Surge glaciers can sluice down a valley at rates of up to a few kilometers a day, said Hall. Once they attain their final destination, they stagnate or gradually retreat for the next ten-to-fifty years. Tidewater glaciers, on the other hand, advance for roughly a thousand years before reaching their destination, explained Hall. When they encounter the sea, they calve and drop icebergs into the water as they continue to make their way out into the ocean. They then pull back and retreat over the course of one or two hundred years.
The Muir tidewater glacier in Alaska’s Glacier Bay has been observed for nearly 200 years. Explorers in the mid-1700s recorded observations of Muir at its peak. They noticed that about two hundred years ago it began to recede. Recent measurements show that the glacier has withdrawn more than 90 kilometers (Hall et. al., 1994).
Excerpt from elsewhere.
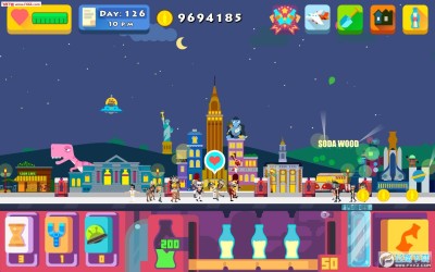 用最短的时间成为世界第一的苏打公司!玩家需要把罐装苏打填满库存,补货到遍布世界的贩卖机,给市民们送上各种口味的苏打,并为他们建造心愿建筑!每达成一个心愿市民购买的苏打瓶数就会增加,当心愿值满了以后会有个苏打趴体,不用补货就能收获金币,不过玩家要看准时期,贩卖机空的时候比较适合开趴体。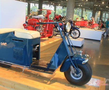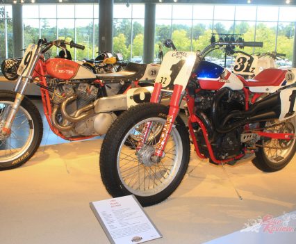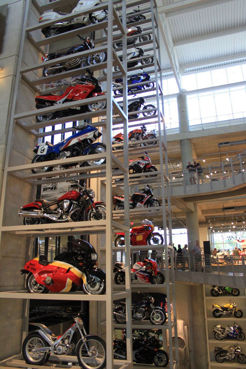 That all-encompassing variety of machinery was exemplified within the walls of the 230,000 square feet of the museum. Not just in the number and variety of bikes on view, but in the way that they are displayed. The ceiling-high racks that line the walls and the lift shaft, which were 14 bikes high; the ‘christmas tree’ stacked bike displays; the mopeds hanging from cables; the wooden board racing display; the Daytona 200 race banking and the off-road bridge / jump.

Challenges to detecting glacial change
Most small glaciers in the world are not as exciting as surge and tidewater glaciers. They may form on the tops of mountains and slowly make their way over hundreds of years through valleys and across plains. A change in the yearly temperature around a glacier can cause it to expand or contract. Hall said, "By measuring the terminus of the glacier periodically, scientists can tell if the local climate is changing. To get an indication of whether the global climate is changing, researchers must monitor these small glaciers across the planet, and for many years to decades"
Before man-made satellites were invented, monitoring enough glaciers to get a measure of global climate change would have been impossible, said Hall. Some glaciers tend to extend in many different directions. As they melt, one part may retract and another part may stay put. Between 1973 and 1987, many outlet glaciers of the Vatnajökull ice cap in Iceland has been steadily receding. Yet, parts of the glacier haven't moved at all (Hall et al. 1992). If scientists were to travel to the glacier and measure just this section, they could be deceived. Measurements have to be made regularly at every extension of the ice cap to see if the glacier as a whole is melting, Hall said. While this may be feasible for one glacier, it is nearly impossible to measure a hundred glaciers this way.
Satellite sensors such as those on Landsat 5 and Landsat 7 allow scientists to measure the entire rim of any glacier on an annual basis, cloud cover permitting. These satellites each have seven different types of light detectors (photoreceptors) on board, which acquire images of different wavelengths of sunlight being reflected off of the Earth. One light detector records only the blue light coming off the Earth (band 1). Another observes all the yellow-green light (band 2) and still another picks up on all the near-infrared light (band 4). The satellites move in circular orbits, very nearly from pole-to-pole, around the Earth and scan strip after strip of our spinning planet. The satellites’ images are then beamed back to the surface, where Hall and other researchers can examine them.
Using satellites to measure glaciers

The trick to measuring the extent of a glacier using a satellite image lies in distinguishing the glacier’s edge from the surrounding land. Unfortunately, this task isn’t as simple as drawing a line on the image between what looks like a glacier and what looks like land. Both glaciers and the surrounding ground often have the same dark gray coloring and can be easily confused by sight.
To separate glacier from surrounding land more accurately, scientists must look at specific types of light being reflected. As can be seen through a prism, sunlight contains many different individual colors (wavelengths). When sunlight strikes objects, certain colors of the spectrum are absorbed and others are reflected. The reflected wavelengths give an object its color.
Like most white objects, the glacier reflects nearly all the colors of the visible spectrum, including the yellow-green sunlight. Yet, a glacier absorbs near-infrared wavelengths of solar energy (light to the right of red on the color spectrum). The research teams using the Landsat 5 and Landsat 7 satellites differentiate snow from other solid materials by looking at the difference between the infrared and yellow-green wavelengths that are reflected. Whenever the difference is large, the area in question is likely to be snow or glacier ice (Hall et al. 1998). By tracking the edges of a glacier from year to year, scientists are often able to see if it is receding or advancing.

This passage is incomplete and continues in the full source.